Aliases for IFT140 Gene
External Ids for IFT140 Gene
Previous HGNC Symbols for IFT140 Gene
Previous GeneCards Identifiers for IFT140 Gene
This gene encodes one of the subunits of the intraflagellar transport (IFT) complex A. Intraflagellar transport is involved in the genesis, resorption and signaling of primary cilia. The primary cilium is a microtubule-based sensory organelle at the surface of most quiescent mammalian cells, that receives signals from its environment, such as the flow of fluid, light or odors, and transduces those signals to the nucleus. Loss of the corresponding protein in mouse results in renal cystic disease. [provided by RefSeq, Jun 2012]

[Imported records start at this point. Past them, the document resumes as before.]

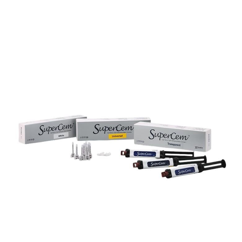 SuperCem, self-etch ve self-adhesive teknolojisi sayesinde ayrı bir adeziv uygulama adımına ihtiyaç duymadan, diş dokusu ve restorasyon materyali arasında güçlü bir mikro-mekanik ve kimyasal bağ oluşturur. Bu özellik, işlem süresini kısaltır ve klinik prosedürü basitleştirir. Çift kürlenmiş (dual-cure) yapısı, ışıkla kürlenmenin yetersiz kaldığı derin kavite veya opak restorasyonlarda dahi tam polimerizasyon garantiler.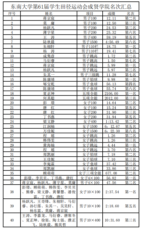 近日开云kaiyun官方网站第61届学生田径运动会圆满结束,开云田径队运动健儿取得了男女团体总分第二名(第一名为交通学院)的傲人成绩,同时还获得男子团体总分第二名和女子团体总分第二名(获奖名单附后),所有参赛运动员都展现出了成贤学子求真求美、成人成贤的风采。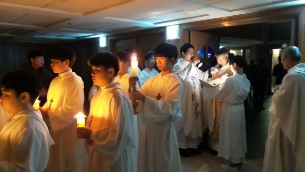 어둠 속에서 사제단과 복사단의 행렬과 함께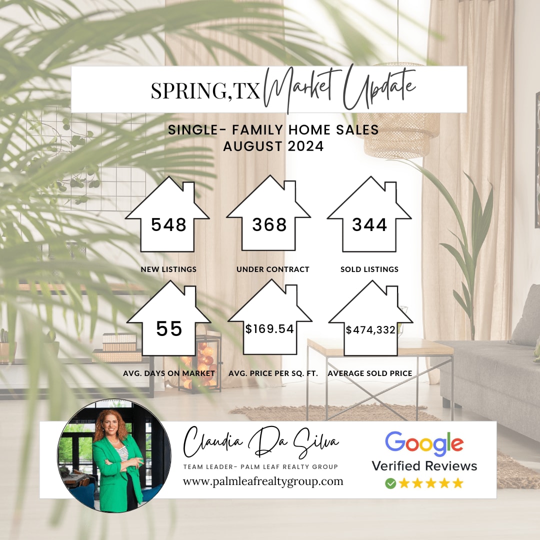 Spring offers a more affordable price per square foot compared to The Woodlands, but don’t let the lower average sale price of $474,332 fool you. When budgeting for a home in Spring, you’ll also want to consider property taxes and insurance. If you’re eyeing an older home in Spring, it’s worth noting that insurance premiums can be higher, depending on the age of the roof, plumbing, and electrical systems. These factors could increase the monthly cost of ownership beyond what the mortgage payment would suggest.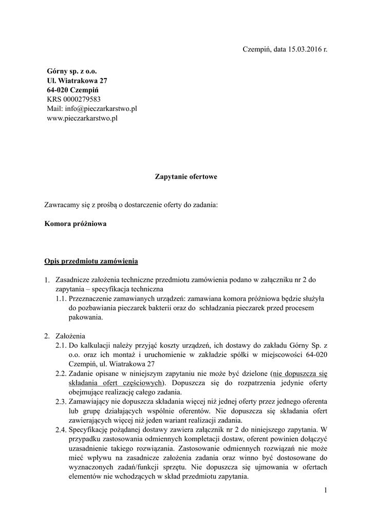 Czempiń, data 15.03.2016 r. Górny sp. z o.o. Ul. Wiatrakowa 27 64-020 Czempiń KRS 0000279583 Mail: [email protected] www.pieczarkarstwo.pl Zapytanie ofertowe Zawracamy się z prośbą o dostarczenie oferty do zadania: Komora próżniowa Opis przedmiotu zamówienia 1. Zasadnicze założenia techniczne przedmiotu zamówienia podano w załączniku nr 2 do zapytania – specyfikacja techniczna 1.1. Przeznaczenie zamawianych urządzeń: zamawiana komora próżniowa będzie służyła do pozbawiania pieczarek bakterii oraz do schładzania pieczarek przed procesem pakowania. 2. Założenia 2.1. Do kalkulacji należy przyjąć koszty urządzeń, ich dostawy do zakładu Górny Sp. z o.o. oraz ich montaż i uruchomienie w zakładzie spółki w miejscowości 64-020 Czempiń, ul. Wiatrakowa 27 2.2. Zadanie opisane w niniejszym zapytaniu nie może być dzielone (nie dopuszcza się składania ofert częściowych). Dopuszcza się do rozpatrzenia jedynie oferty obejmujące realizację całego zadania. 2.3. Zamawiający nie dopuszcza składania więcej niż jednej oferty przez jednego oferenta lub grupę działających wspólnie oferentów. Nie dopuszcza się składania ofert zawierających więcej niż jeden wariant realizacji zadania. 2.4. Specyfikację pożądanej dostawy zawiera załącznik nr 2 do niniejszego zapytania. W przypadku zastosowania odmiennych kompletacji dostaw, oferent powinien dołączyć uzasadnienie takiego rozwiązania. Zastosowanie odmiennych rozwiązań nie może mieć wpływu na zasadnicze założenia zadania oraz winno być dostosowane do wyznaczonych zadań/funkcji sprzętu. Nie dopuszcza się ujmowania w ofertach elementów nie wchodzących w skład przedmiotu zapytania. (1 Warunki udziału w postępowaniu 1. Oferenci muszą spełniać niżej wymienione warunki: 1) posiadać uprawnienia do wykonywania działalności lub czynności w zakresie odpowiadającym przedmiotowi zapytania oraz nie podlegać wykluczeniu z możliwości realizacji zadania na podstawie odrębnych przepisów lub prawomocnych wyroków sądu. W celu potwierdzenia spełniania niniejszego warunku Wykonawcy zobowiązani są przedłożyć następujące dokumenty: ✓ aktualny odpis elektroniczny z właściwego rejestru sądowego albo aktualne elektroniczne zaświadczenie o wpisie do ewidencji działalności gospodarczej, wystawionego nie wcześniej niż 14 dni przed upływem terminu składania ofert (w przypadku wspólnego ubiegania się o udzielenie niniejszego zamówienia przez dwóch lub więcej Wykonawców w ofercie muszą być złożone przedmiotowe dokumenty dla każdego z nich), 2) Posiadać niezbędną wiedzę i doświadczenie w branży dostawy i montażu maszyn oraz dysponować potencjałem technicznym i osobami zdolnymi do wykonania niniejszego zamówienia. 3) Znajdować się w sytuacji ekonomicznej i finansowej zapewniającej wykonanie niniejszego zamówienia, w szczególności posiadać ubezpieczenie od odpowiedzialności cywilnej za szkody wynikłe z tytułu prowadzonej działalności gospodarczej, 4) Nie znajdować się w stanie upadłości lub likwidacji 5) Nie podlegać wykluczeniu z postępowania 2. Jeżeli Wykonawca ma siedzibę lub miejsce zamieszkania poza terytorium Rzeczypospolitej Polskiej zamiast dokumentu, o którym mowa w pkt 1.1) składa dokument wystawiony w kraju, w którym ma siedzibę lub miejsce zamieszkania potwierdzające, że nie otwarto jego likwidacji, ani nie ogłoszono upadłości. 3. Ocena spełniania przedstawionych powyżej warunków zostanie dokonana na podstawie podpisanego przez oferentów oświadczenia wg wzoru załączonego do niniejszego zapytania. Kryteria oceny oferty 1. Kryteria oceny ofert – wybór najkorzystniejszej oferty nastąpi w oparciu o następujące kryteria. Oferent jest zobowiązany do umieszczenia w ofercie danych pozwalających na ocenę oferty wg poniższych kryteriów: Lp. Kryteria oceny oferty Waga kryterium 1 60% Wartość oferty (2 2 Gwarancja na przedmiot oferty (wyrażona w miesiącach) 10% 3 Efektywność energetyczna 30% Razem 100% Opis sposobu przyznawania punktacji 1. Oceniana oferta otrzyma zaokrągloną do dwóch miejsc po przecinku ilość punktów wynikających z kryteriów oceny oferty, wyliczanych na podstawie następujących wzorów: a) Wartość oferty Wartość wartość oferty najtańszej wartość oferty badanej x 100x znaczenie 60% - max. 60 pkt. b) Gwarancja bezwarunkowa na przedmiot oferty (wyrażona w miesiącach) Okres gwarancji gwarancja oferty badanej najdłuższy termin gwarancji x 100x znaczenie 10% max. 10 pkt. c) efektywność energetyczna w kW energii pierwotnej / kg(t) produktu Efekty wność energe tyczna 2. Najkorzystniejsza wartość efektywności energetycznej Efektywności energetycznej oferty badanej x 100 x znaczenie 10% max. 30 pkt. W przypadku uzyskania przez więcej niż jedną ofertę takiej samej ilości punktów wyliczonych wg ww. kryteriów, wybór nastąpi w oparciu o: Kryterium pierwsze – efektywność energetyczna - najkorzystniejsza wartość efektywności energetycznej Kryterium drugie (w przypadku takiego samego kryterium pierwszego) - wartość – wybór oferty tańszej Informacja na temat zakresu wykluczenia (3 W postępowaniu nie mogą brać udziału następujące podmioty: A. Podmioty nieposiadające doświadczenia w branży dostawy maszyn/urządzeń branży spożywczej B. Podmioty powiązane z Zamawiającym osobowo lub kapitałowo. Przez powiązania kapitałowe lub osobowe rozumie się wzajemne powiązania między beneficjentem lub osobami upoważnionymi do zaciągania zobowiązań w imieniu beneficjenta lub osobami wykonującymi w imieniu beneficjenta czynności związane z przygotowaniem i przeprowadzeniem procedury wyboru wykonawcy a wykonawcą, polegające w szczególności na: a. uczestniczeniu w spółce jako wspólnik spółki cywilnej lub spółki osobowej; b. posiadaniu co najmniej 10 % udziałów lub akcji; c. pełnieniu funkcji członka organu nadzorczego lub zarządzaj

GeneCards Summary for IFT140 Gene
IFT140 (Intraflagellar Transport 140) is a Protein Coding gene. Diseases associated with IFT140 include Short-Rib Thoracic Dysplasia 9 With Or Without Polydactyly and Retinitis Pigmentosa 80. Among its related pathways are Intraflagellar transport and Signaling by Hedgehog. Gene Ontology (GO) annotations related to this gene include binding. An important paralog of this gene is IFT172.

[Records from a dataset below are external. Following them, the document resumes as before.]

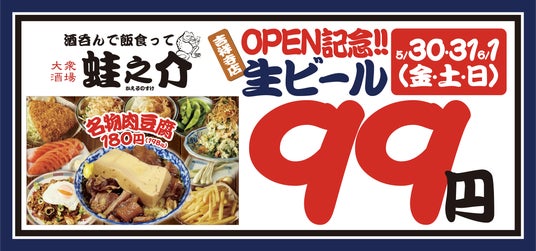 オープンの5月30日(金)・31日(土)・6月1日(日)は生ビール99円!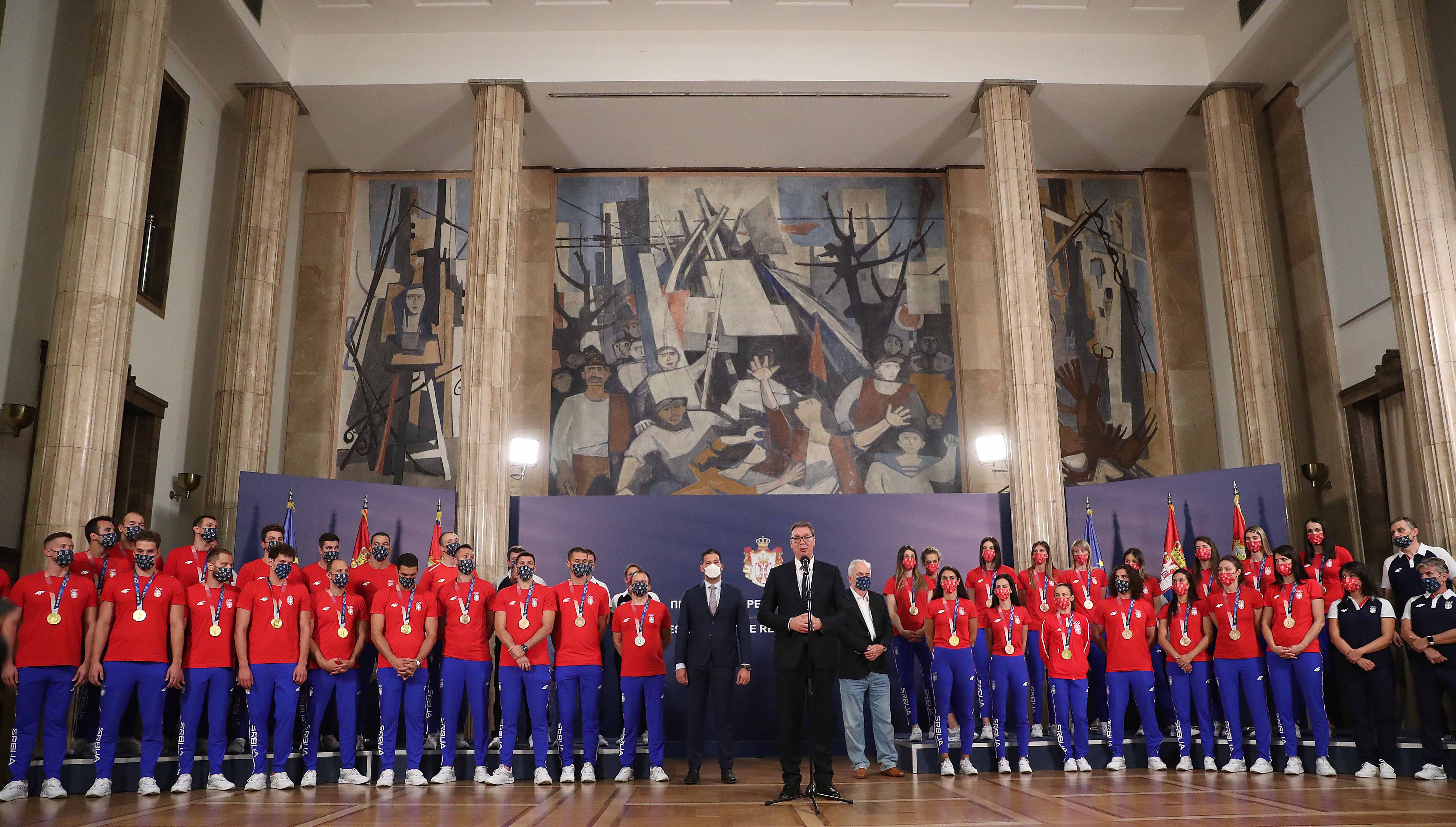 Aleksandar Vučić, predsednik Srbije, priredio je večeras prijem za sve osvajače medalja na XXXII Olimpijskim igrama u Tokiju. Prijemu je prisustvovala i ženska seniorska reprezentacija Srbije, aktuelni svetski i dvostruki uzastopni evropski prvak i osvajač bronzane medalje na XXXII Olimpijskim igrama u Tokiju, kao i Zoran Gajić, predsednik OSS i Ivan Knežević, generalni sekretar OSS.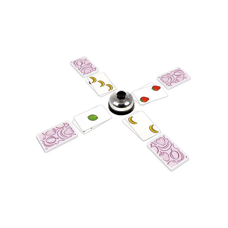 Tour à tour, chaque participant révèle une carte de sa pioche personnelle. L'objectif : identifier instantanément quand exactement 5 fruits identiques 🍌🍌🍌🍌🍌 apparaissent simultanément sur l'aire de jeu. À ce moment précis, la course contre la montre commence ! ⏱️ Le premier joueur à actionner la sonnette centrale 🔔 remporte l'ensemble des cartes visibles.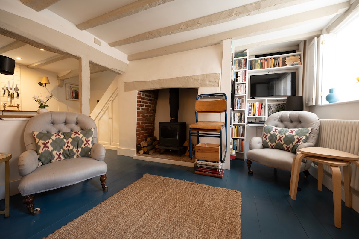 A beautiful 2 bedroom cottage in the most wonderful location - steps away from the beach and a few minutes walk to the centre of Whitstable. This fisherman’s cottage dates back to 1810, is full of period charm, and sympathetically decorated with antique, comfortable furniture. The cottage has a mature garden with side access, and is set down several steps meaning it feels nice and private. The cottage has steep stairs and some low ceilings.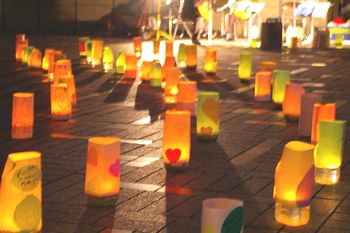奈良市内ならまちセンター市民ホールと同コミュニティー広場を使ってピース実行委員会主催で開催しました。全体約120名が参加、同時開催として「サークルおてんとさん」によるソーラーランタン作り講習会も実施され、ピースキャンドルではソーラーランタンも点灯いただきました。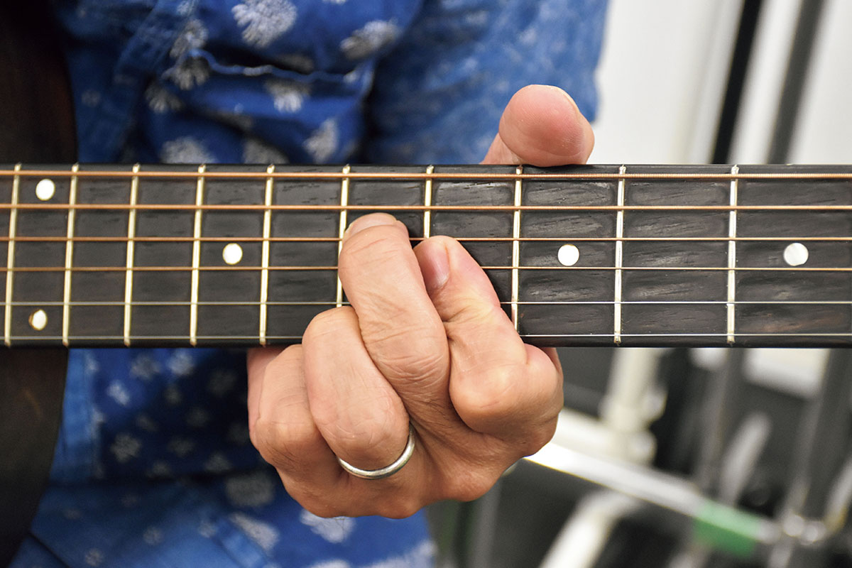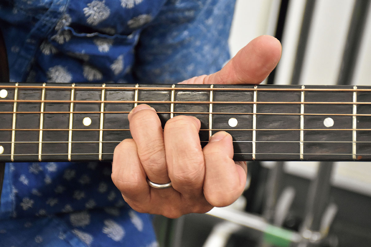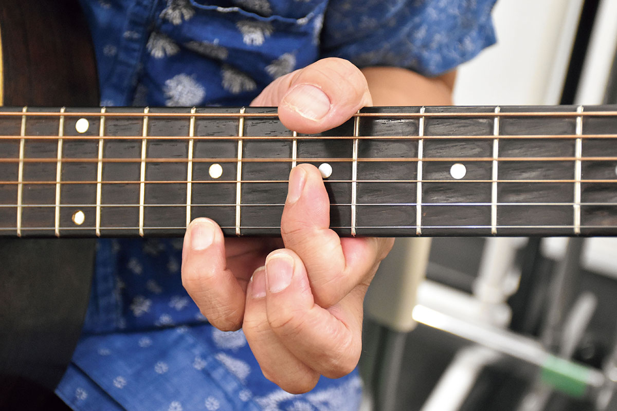 頭はAadd9ですけど、6弦のEも弾いてしまっていいんです。最近気づいたんですけど(笑)。AのコードにはEの音も入っているから、6弦開放のEを鳴らしたら、よりふくよかになる。次のD△7のコードも、同じように5弦開放のAが鳴っていていいです。

UniProtKB/Swiss-Prot Summary for IFT140 Gene
Component of the IFT complex A (IFT-A), a complex required for retrograde ciliary transport and entry into cilia of G protein-coupled receptors (GPCRs) (PubMed:20889716, PubMed:22503633). Plays a pivotal role in proper development and function of ciliated cells through its role in ciliogenesis and/or cilium maintenance (PubMed:22503633). Required for the development and maintenance of the outer segments of rod and cone photoreceptor cells. Plays a role in maintenance and the delivery of opsin to the outer segment of photoreceptor cells (By similarity).